We’re zigzagging between Austria and Bavaria as we enjoy the roads of the Alps and tonight our rest is in Garmisch, a picture-perfect Bavarian village nested in a valley between mountain ranges. It really is the Bavarian stereotype with flower boxes hanging from the windows of all the wooden chalets, and the locals riding their bicycles around the village, the men sporting the traditional Bavarian hat (the Hutmacher Zapf) and the ladies dressed in long skirts, white blouses and colourful aprons (the Dirndl).

We’re a bit relieved to be out of Switzerland and Liechtenstein where the prices of rooms, beers and meals are exorbitant – certainly unhinged from Spain and Portugal from where we’ve ridden. Germany it seems is a lot more sober, prices here are virtually half those in Switzerland so we’re more relaxed.

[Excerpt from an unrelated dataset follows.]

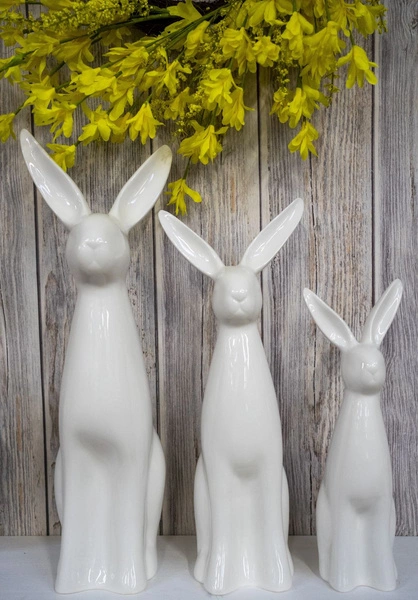Figurka Zając ceramiczny zamyślony biały 31cm pięknie prezentuje się solo, ale także w duecie z innymi dekoracjami wielkanocnymi: świecami, stroikami czy roślinnymi kompozycjami. To również świetny pomysł na drobny, pełen uroku prezent dla miłośniczki przytulnych dodatków do domu.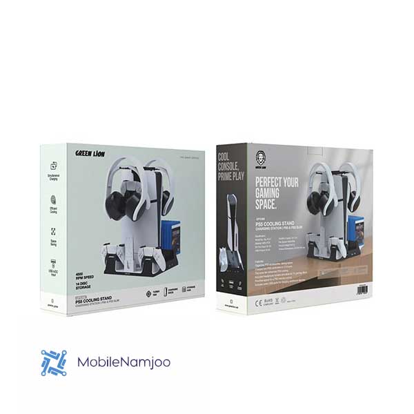 پایه خنککننده و شارژر پلی استیشن ۵ گرین لاین Green Lion PS5 Cooling Stand Charging Station یکی از کاربردیترین لوازم جانبی برای گیمرها است که علاوه بر شارژ همزمان دستهها، دمای کنسول را در بهترین حالت حفظ میکند.

But this town has a history. It was the site of the 1936 Winter Olympics, a showcase for Hitler’s Nazi Germany and like the Summer Games held six months later, an attempt to demonstrate that Nazism was not as horrific as the world suspected. Indeed before the Games here all the “Jews not wanted here” signs and similar anti-Semitic displays were removed for the occasion of international visitation. Two years later the Jewish families of Garmisch were given a few hours to leave town.

So it’s under that shadow we enjoy Garmisch, nowadays a thriving destination still for skiers and winter sports enthusiasts.